The Dragon Princess - Chapter Two

How to Build a Website for Beginners Part 4 – Marketing

blog, social media, marketing, website, building

In this series, I’ve covered the initial terms of website builders, the features every website needs, and the overall design of a website. Obviously, there were some gaps in the information since it’s hard to cover everything in just four posts. This is why I spoke a lot about doing research on your own when you’re building your website. But there’s one more category to go over: Marketing.

Marketing allows you to make sure your website is seen by others, whether they’re customers, readers, or followers. Even the perfect website isn’t much without visitors.  Social media is the best way to market a new website, so that’s what I’ll be focusing on. Some other methods exist, but most of them use social media in some manner. Since it’s different depending on whether you’re creating a personal/individual website or a company website, I’ll be splitting this up into those two sections, though there is some overlap between the two.

Marketing Company Websites on Social Media

For marketing company websites, you need to focus on where your audience is and what they’re expecting. The first thing you can do is include your website URL in your social media profiles, especially LinkedIn. If you haven’t yet, you need to create social media profiles to reach your online customers. LinkedIn is one of the most popular social media platforms for businesses. Creating a LinkedIn, a Facebook page, and a Twitter can greatly increase customer interaction on top of putting a place to market your products, services, and website. These are the main social media platforms, where are large chunk of people are. YouTube is another important main platform, but it’s best to use if you know for sure you’ll be making company videos. You can share the videos you make on the platform to Facebook or Twitter to increase your company’s reach online as well.

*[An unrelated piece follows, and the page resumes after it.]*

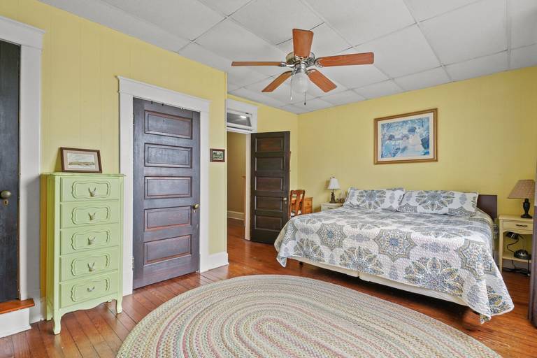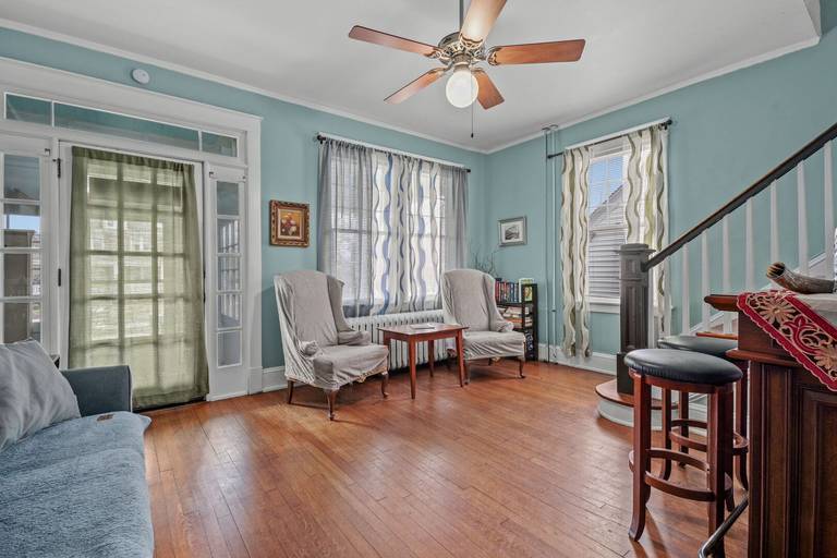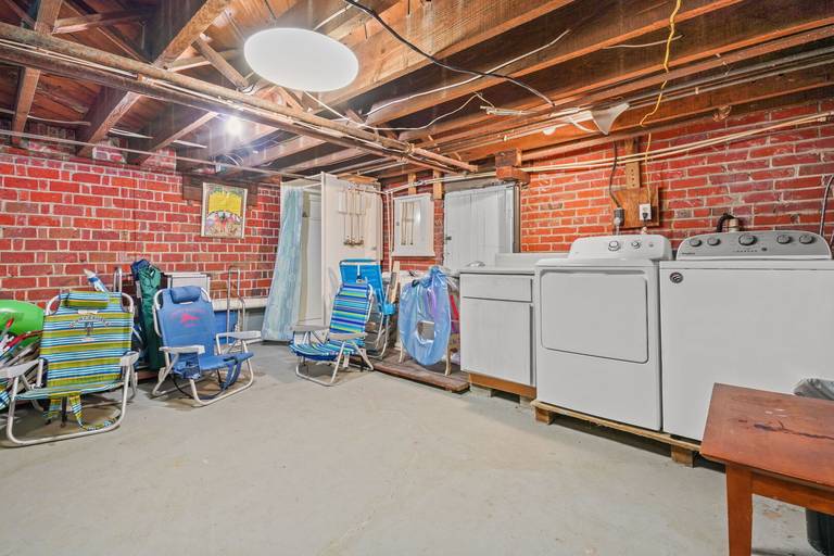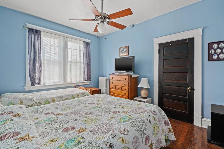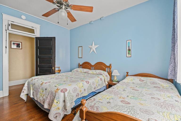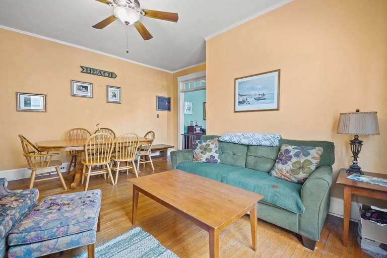 The ground floor hosts plenty of space and promises delightful meals and gatherings. The kitchen is equipped with essential appliances and ample storage, making meal preparation both enjoyable and efficient. There is even an ice cream maker to enjoy on those warm days! The living area extends onto a covered front porch, offering a serene spot to relax and enjoy the gentle coastal breezes.

If you run a fashion, travel, or crafting company, Pinterest is an excellent platform to post products, blog posts, and photos from your site. Pinterest caters to a specific group of women who enjoy or want to learn about cooking, sewing, crafts, and makeup. Users also pin clothing items and accessories that they want or pictures from places they want to visit. Instagram is another good platform to use if you’re in any of these businesses as well. You can link your website in both social media platforms and post/pin pictures from your site.

Tumblr is an option if you can angle your content for a younger audience. Tumblr is a micro-blogging site where many folks from age 13 to late 20s and older post about what they enjoy and respond to posts by others. Denny’s is one of the few companies to efficiently use the platform. You can share posts and photos from your website and link to it on your profile as well. If you have a younger staff member familiar with tumblr, it’s worth trying to start a tumblr blog. Just know it’s not for everyone.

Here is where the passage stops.